The ghosts of ancient Rome stalk the halls and chambers of state and federal buildings everywhere. A legislative effort on behalf of cultural freedom is therefore likely to meet with frustration and grief given the present incredible lobbyist nature of this organ of government. Besides, doesn’t the proposition itself contain a contradiction? Is it reasonable to suppose that real freedom can be obtained in a sphere where regulations rule? A legislative effort on behalf of freedom is a kind of capitulation to the ‘benevolence of the despot’; at best, it is a tacit capitulation to a power that can have no healthy interest in the affairs of spirit and of culture. What usually happens is this: another ‘special interest group’ merely gains some modicum of liberty at the expense of the whole-the very opposite of legitimate democratic activity,-and becomes a prime example, similar to religion, of how culture appropriates law for its own end.
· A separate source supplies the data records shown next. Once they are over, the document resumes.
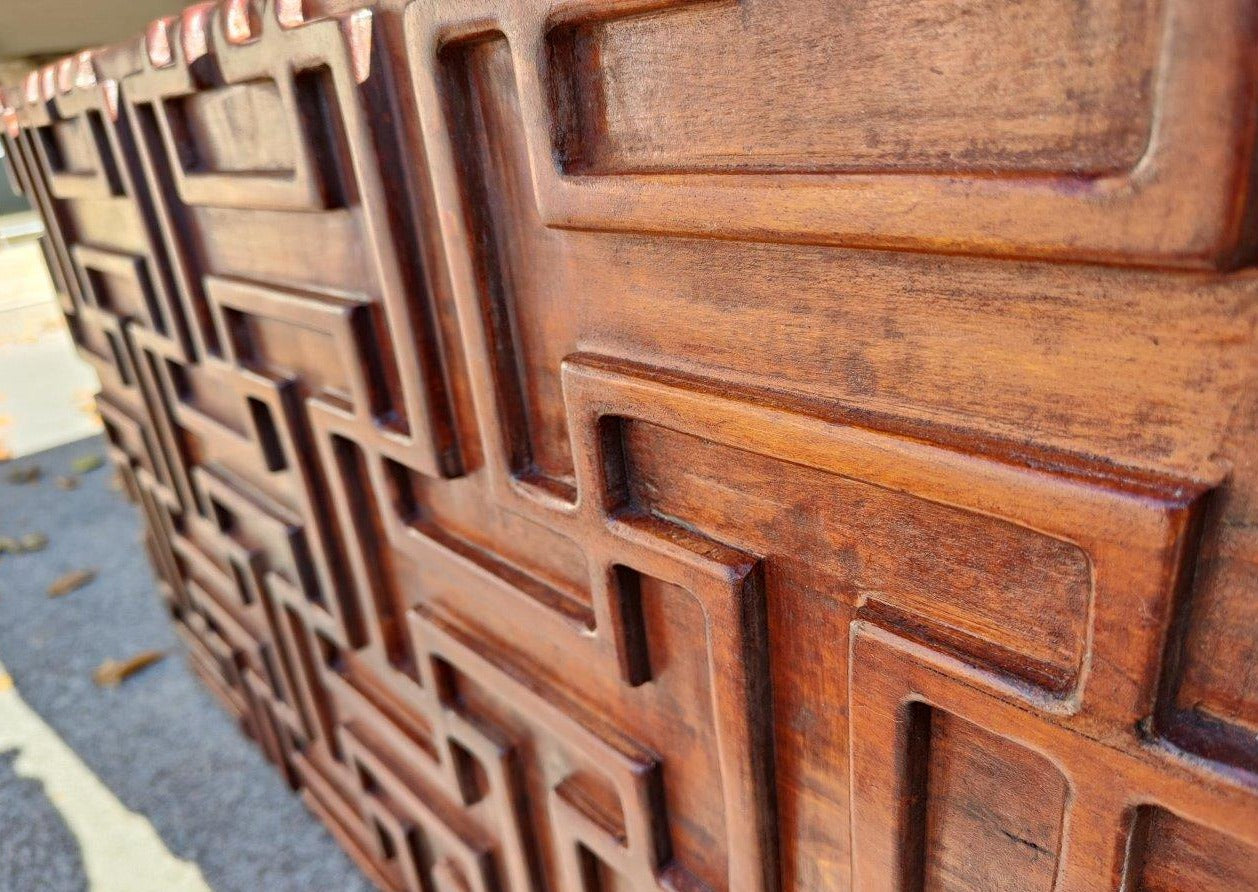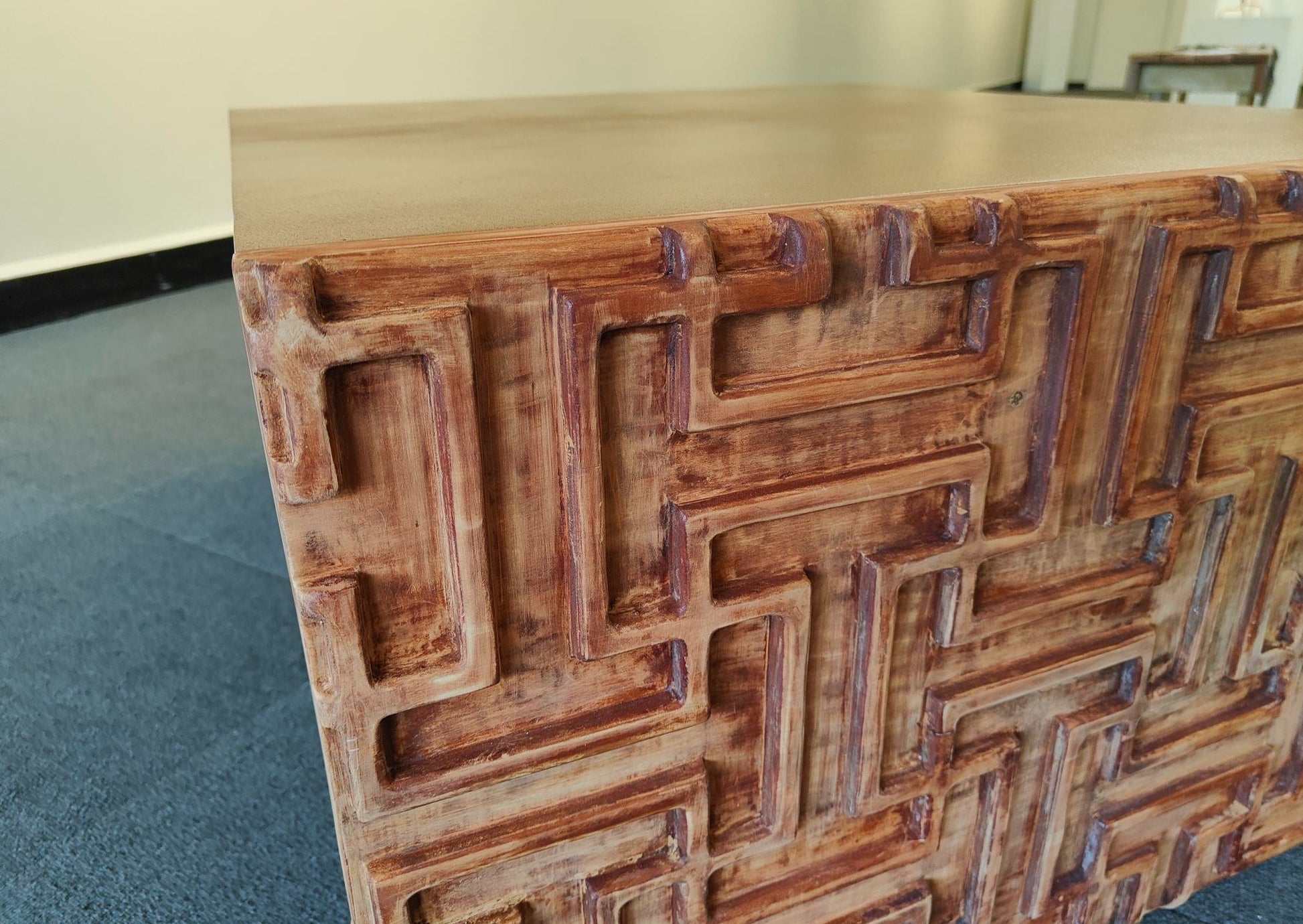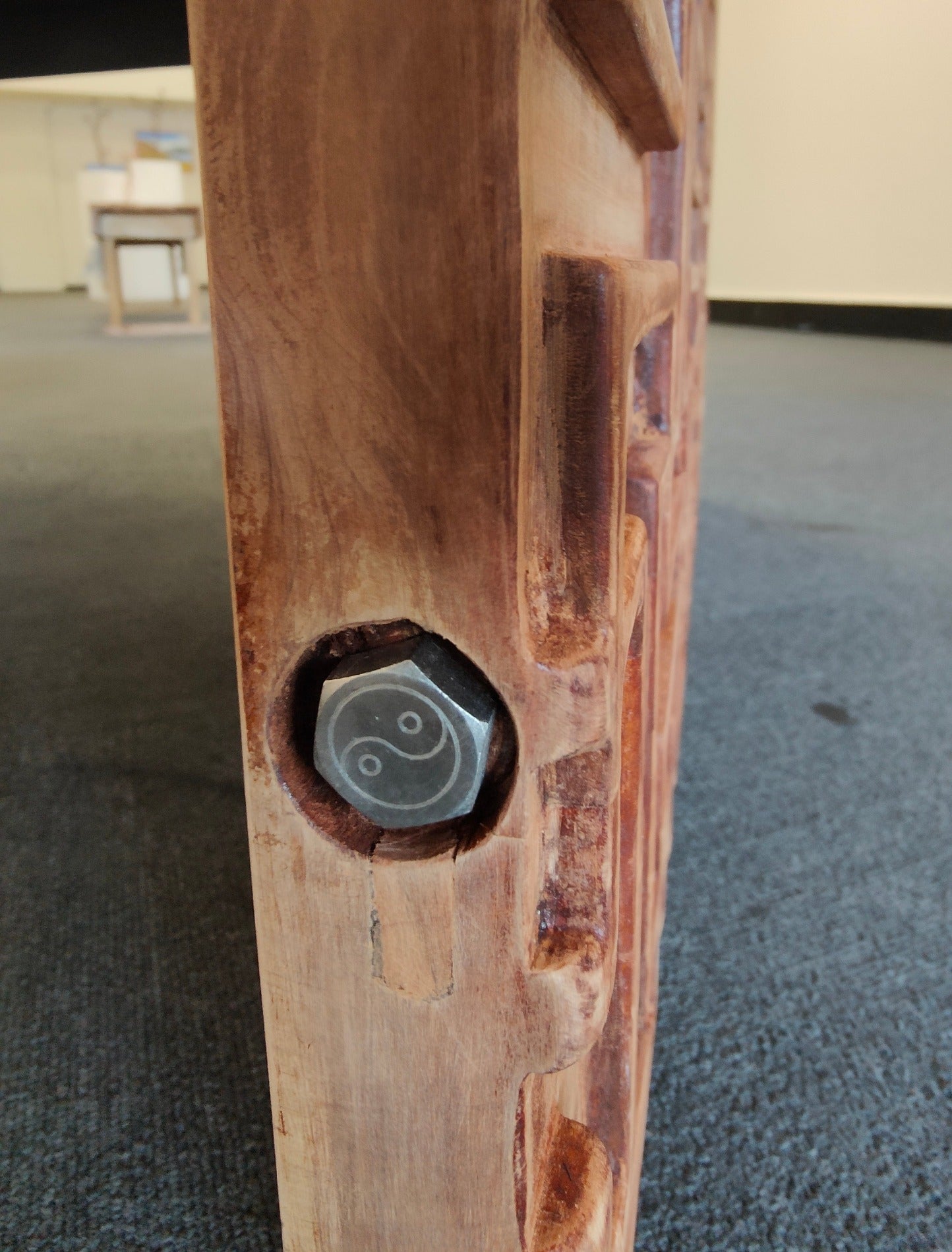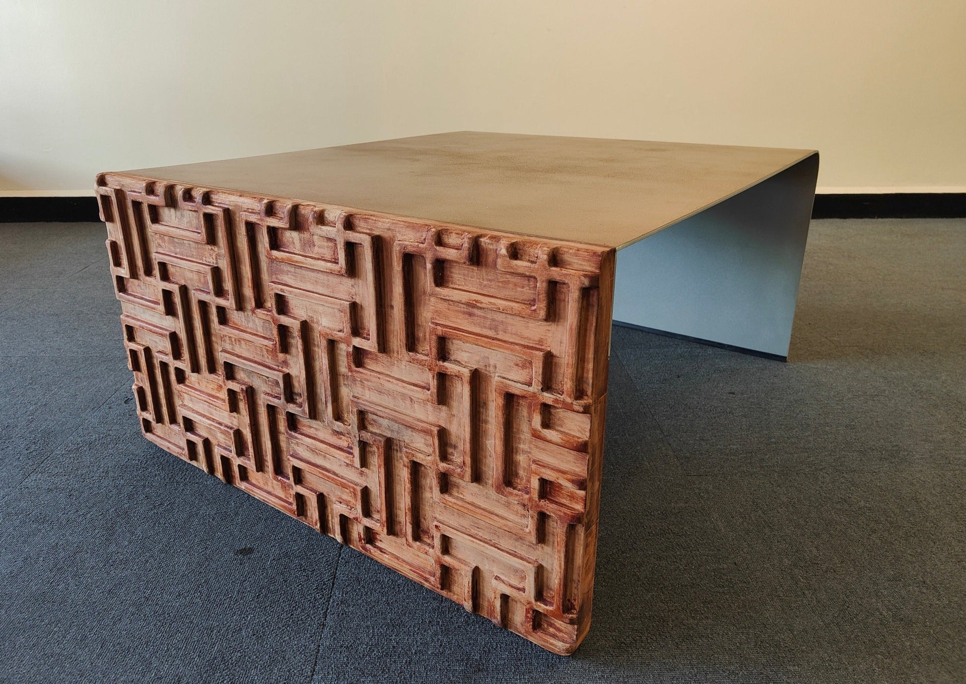 This table is # 4 in the Yin Yang series. The design is based on an architectural motif which is over a millennia old and thought to have originated in either China or Persia, being adopted more recently by Nazi Germany for the swastika. Carved with a router and then painstakingly hand sanded. Built out of aluminium which has been finished with copper paint and mottled Macrocarpa timber in a stressed paint finish. 970 x 790 x 430 high $2190 NZD
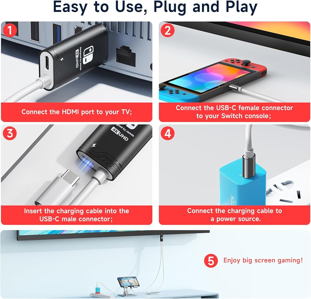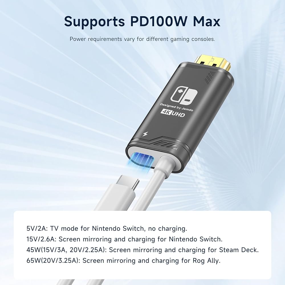 Featuring three ports – HDMI, PD fast charging, and USB C – our cable offers advanced versatility. The integrated PD fast charging port ensures uninterrupted gameplay by allowing you to charge your gaming console while screen mirroring. Plus, with a maximum power delivery of 100W, you can enjoy fast and efficient charging.
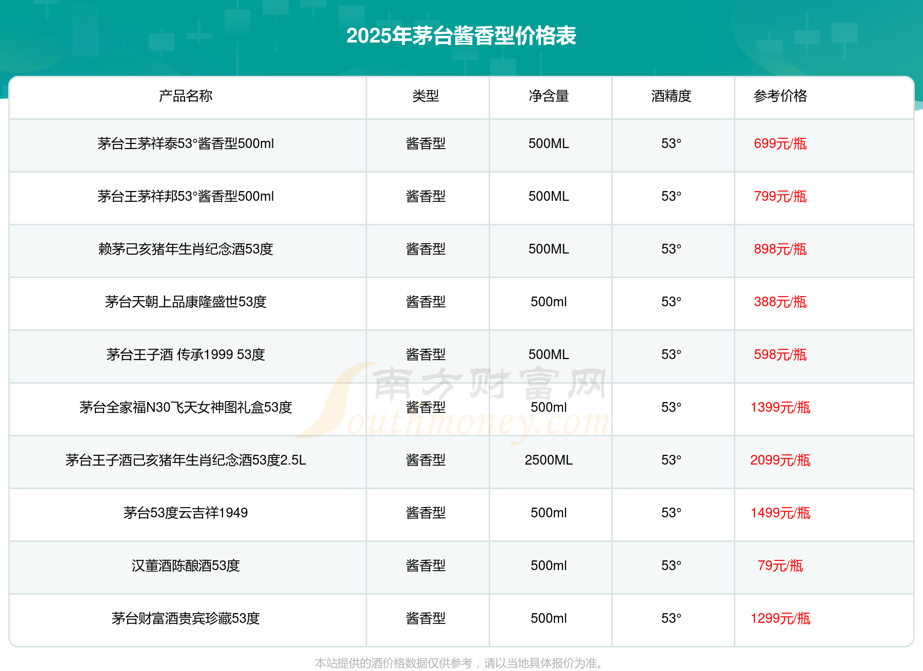 華茅鑒藏 醬香型白酒 3L 53°參考價8388元/瓶、53度五星茅臺生肖酒丁酉雞年參考價2798元/瓶、貴州茅臺己亥豬年生肖酒53°500ml參考價2699元/瓶、53度五星茅臺生肖酒戊戌狗年參考價2698元/瓶、飛天茅臺53°500ml(2015年)參考價2199元/瓶。
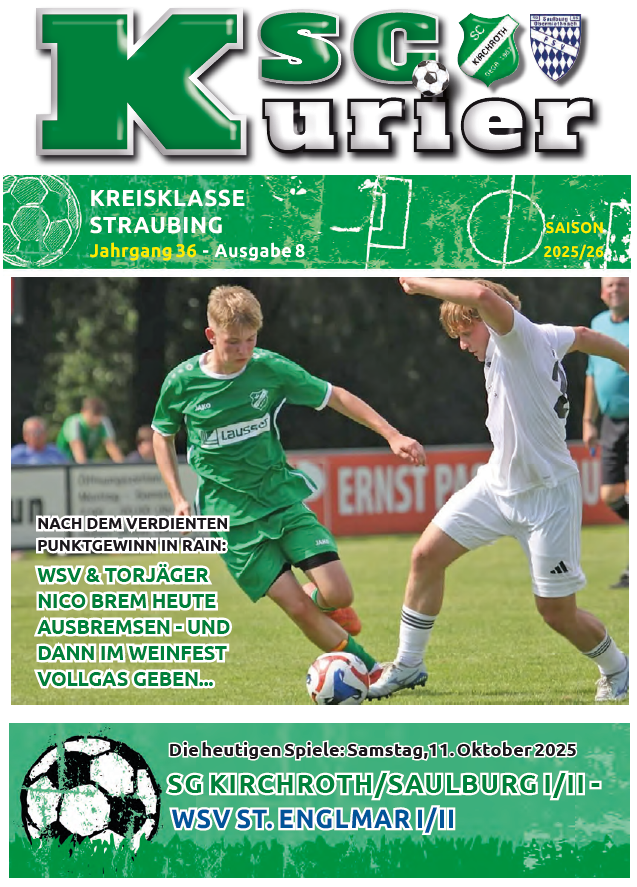 Alle aktuellen News zum Spieltag am Samstag, 11.10.2025 gegen den WSV St. Englmar, finden Sie bereits vorab im KSC-Kurier. Einfach mal über den angeführten Link reinklicken. Im übrigen finden Sie alle KSC-Kuriere in unserem Downloadbereich der Mediathek Jahrgang 36 – Ausgabe 8_WSV ST_Englmar
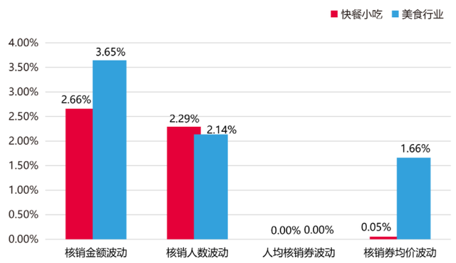 其中零食類目、餃子/餛飩類目、燒雞類目門店核銷指數(shù)上漲明顯,分別上漲5.21%、4.25%、3.50%
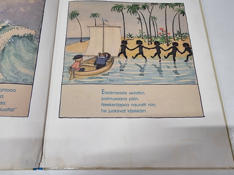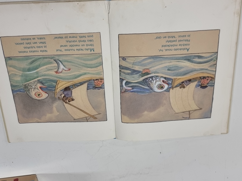 Toimintaa ei testattu. Kirjan selkämys rikki. Lelun pituus 30cm.
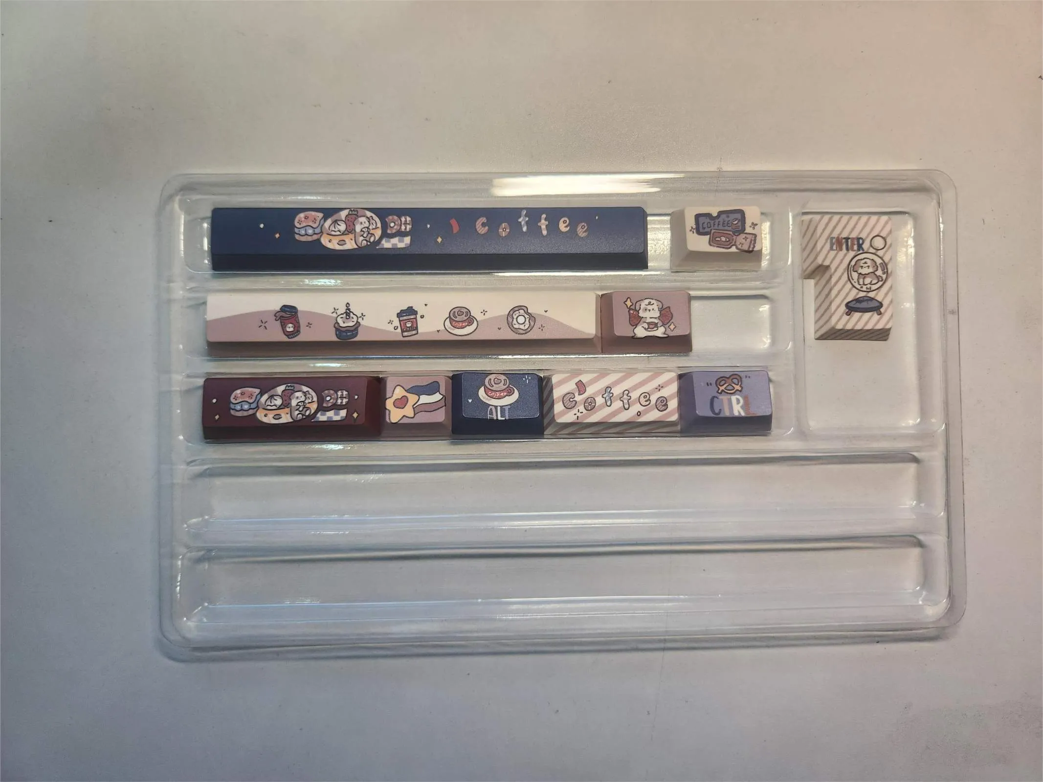 Indulge in the delightful Coffee Puppy Series Keycap Set! Four possibilities in two categories—Keycap Set and Supplement Keycap Set. That are available in this adorable collection. Depending on your typing style, each category offers the Cherry Profile or XOA Profile of your choosing. The keycaps provide coziness to your workstation with their lovely blend of beige, brown, purple and blue. Their visual attractiveness is enhanced by distinctive font styles in beige, brown and blue writing. While some keycaps have fashionable gridlines. Then others even have cute puppy icons on the Caps, Shift and Enter keys. This kit is ideal for dog lovers who want to upgrade their keyboards. Because it is made of sturdy PBT material!
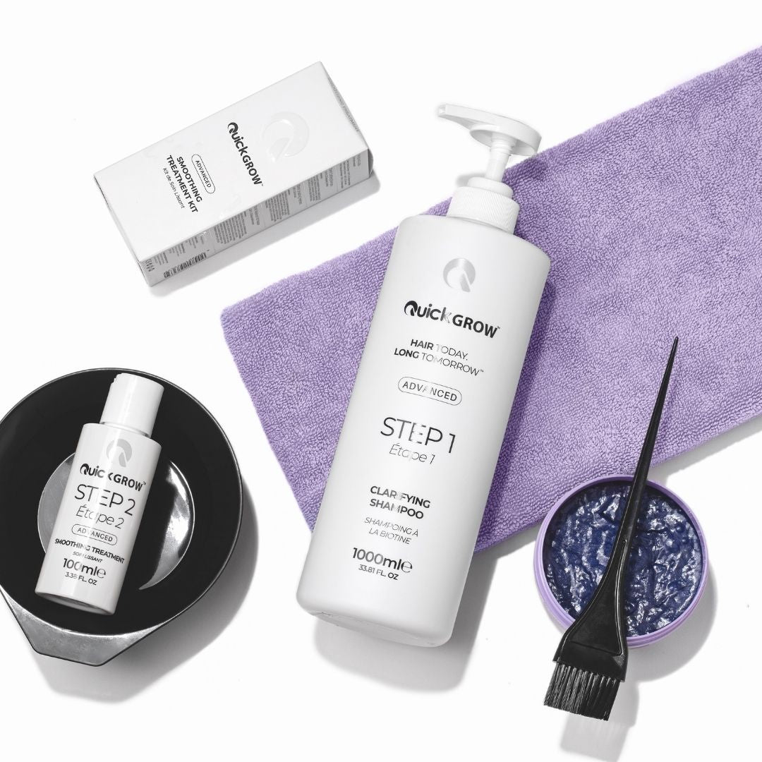 The Quick Grow Smoothing Treatment is a next-generation, non-toxic hair smoothing system powered by BioAffinity™ Technology. It smooths frizz, boosts shine and strengthens damaged hair — without using toxic chemicals or causing permanent damage or heaviness.
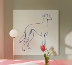 Voici Alan, avec sa silhouette élancée. Sa tête, perchée en hauteur, laisse entrevoir des sprints secrets et une curiosité nerveuse. Il a les oreilles décollées en pleine écoute, tandis que ses pattes allongées lui confèrent une grâce un peu maladroite et adorable. La fourrure monochrome d'Alan et son attitude droite reflètent à la fois sa douceur et sa loyauté - un charmant compagnon pris au milieu d'une attente impatiente !
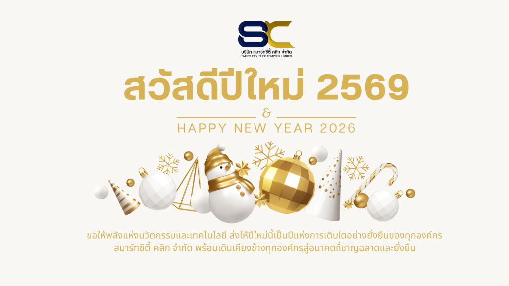 สวัสดีปีใหม่ 2569 l HAPPY NEW YEAR 2026 มกราคม 1, 2026มกราคม 5, 2026 Admin P บทความ ✨สวัสดีปีใหม่ 2569 l HAPPY NEW YEAR 2026✨ขอให้พลังแห่งนวัตกรรมและเทคโนโลยี ส่งให้ปีใหม่นี้เป็นปีแห่งการเติบโตอย่างยั่งยืนของทุกองค์กรนะคะ.สมาร์ทซิตี้ คลิก จำกัด พร้อมเดินเคียงข้างทุกองค์กรสู่อนาคตที่ชาญฉลาดและยั่งยืนค่ะ แชร์ บทความ Admin P
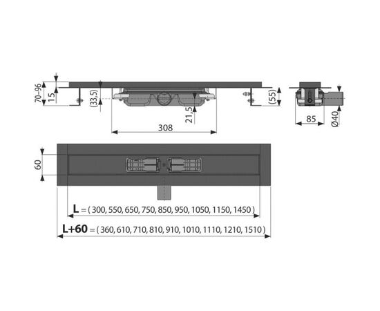 Simple - Водоотводящий желоб с порогами для перфорированной решетки, арт.APZ10BLACK-650M (AG101101650)
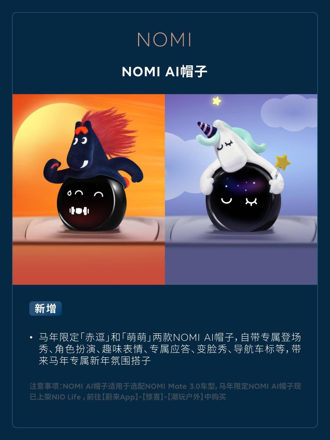 NOMINOMI AI 帽子- 新增马年限定「赤逗」和「萌萌」两款 NOMI AI 帽子,自带专属登场秀、角色扮演、趣味表情、专属应答、变脸秀、导航车标等,带来马年专属新年氛围搭子(注意事项:NOMI AI 帽子适用于选配 NOMI Mate 3.0 车型,马年限定 NOMI AI 帽子现已上架 NIO Life,前往【蔚来 App】-【惊喜】-【潮玩户外】中购买)。

What actually is wanted in this area is nothing less than an absolute liberty; certainly nothing constrained by law. The question, therefore, as to how to set a limit on state action in the realm of culture is best answered by the judiciary (that, and civil disobedience), as the judiciary always comes out of the cultural/ spiritual life itself; for the judiciary, in the threefold social sense, should never subject to either a political process nor an economic pressure. And every victory here is a victory for all.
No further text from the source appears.